Whiteboard: [reporter-external]
I don't completely understand what comment 0 is saying the problem is, but in testing the PoC I see some bad issues with security exceptions. I installed the PoC app. Strangely adding a certificate exception does not work on the pages loaded inside an iframe at all. When I navigated the top level frame (by click the link to "https://selfsigned.jssec.org/cacert.crt") I was then able to click 'visit site' to add a temporary exception. However this exception was not temporary and in fact was still present after a reboot. This is not expected: visit site exceptions should only persist until the b2g process is restarted (until the phone is rebooted). NOTE: it is known that restarting an app does not clear SSL exceptions, but this seems worse than this.
FWIW: When I click "visit site" for other sites in the normal browser app, I can make the temporary exception go away by rebooting. I was not able to do that for the PoC app.

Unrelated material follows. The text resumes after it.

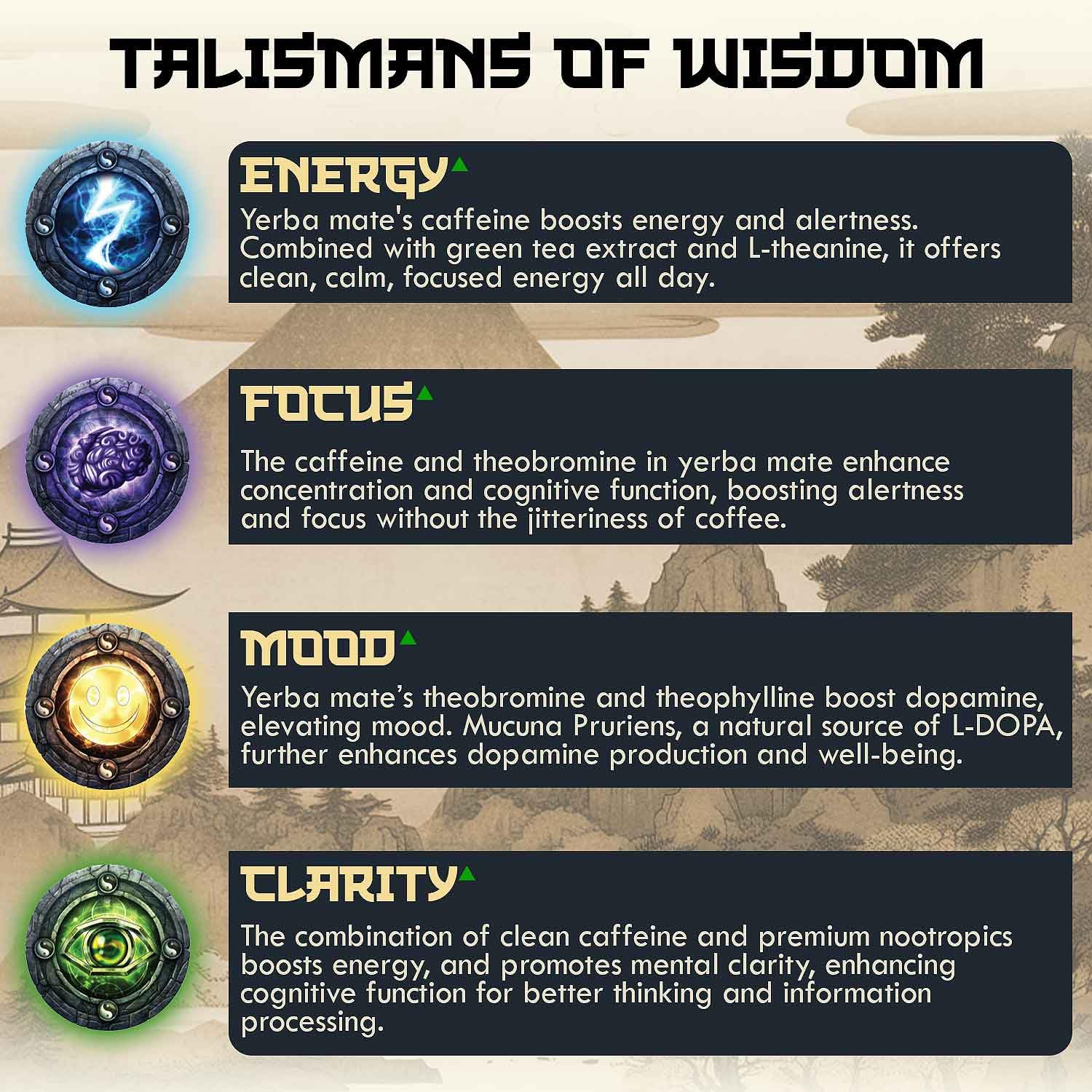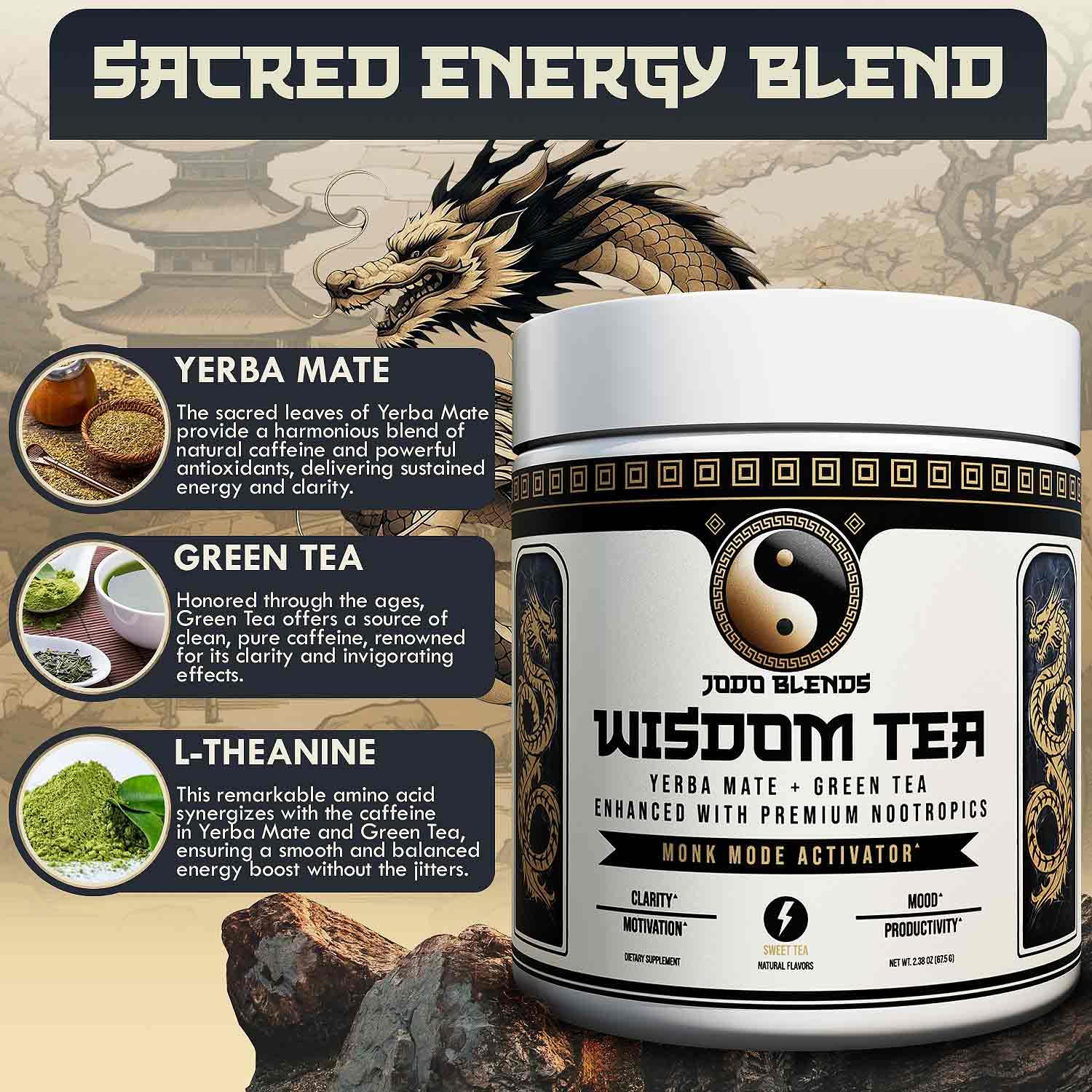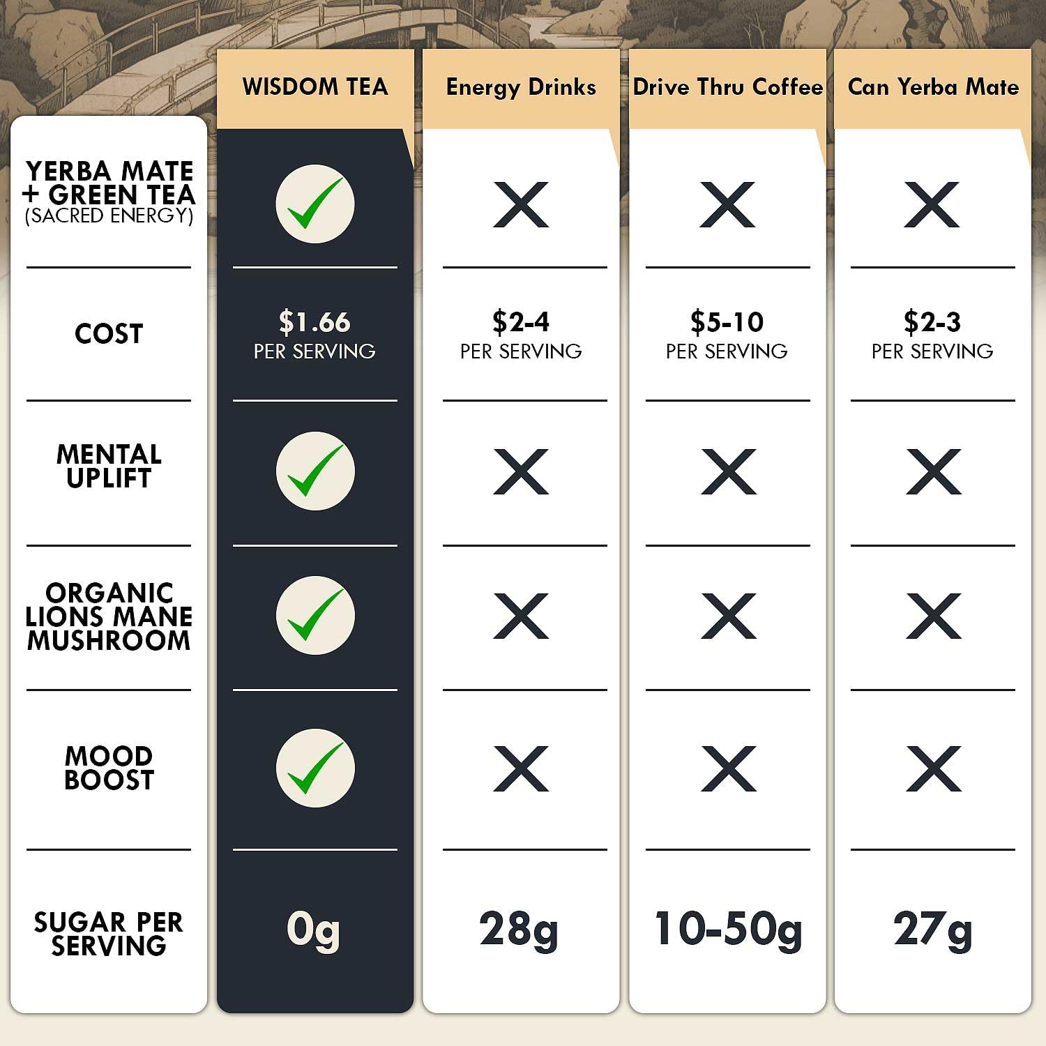 - CLEAN ENERGY WITHOUT THE CRASH: Powered by Yerba Mate, Green Tea and L-Theanine, Wisdom Tea delivers smooth, sustained energy without the jitters of coffee or the crash of energy drinks. Feel sharp, calm, and focused - all day.

The problematic behavior I'd like to say is that no certificate error are shown after a user accepts certificate error once in an iframe-mozbrowser. For example, a user opens https://google.com with invalid cert by 'visit link' button in iframe-mozbrowser of App-A. After that, all HTTPS connections to google.com from not only App-A but also App-B are permitted. Firefox OS allow to access to invalid HTTPS host only from iframe-mozbrowser, but, because of this behavior, any HTTPS requests from any applications are accepted.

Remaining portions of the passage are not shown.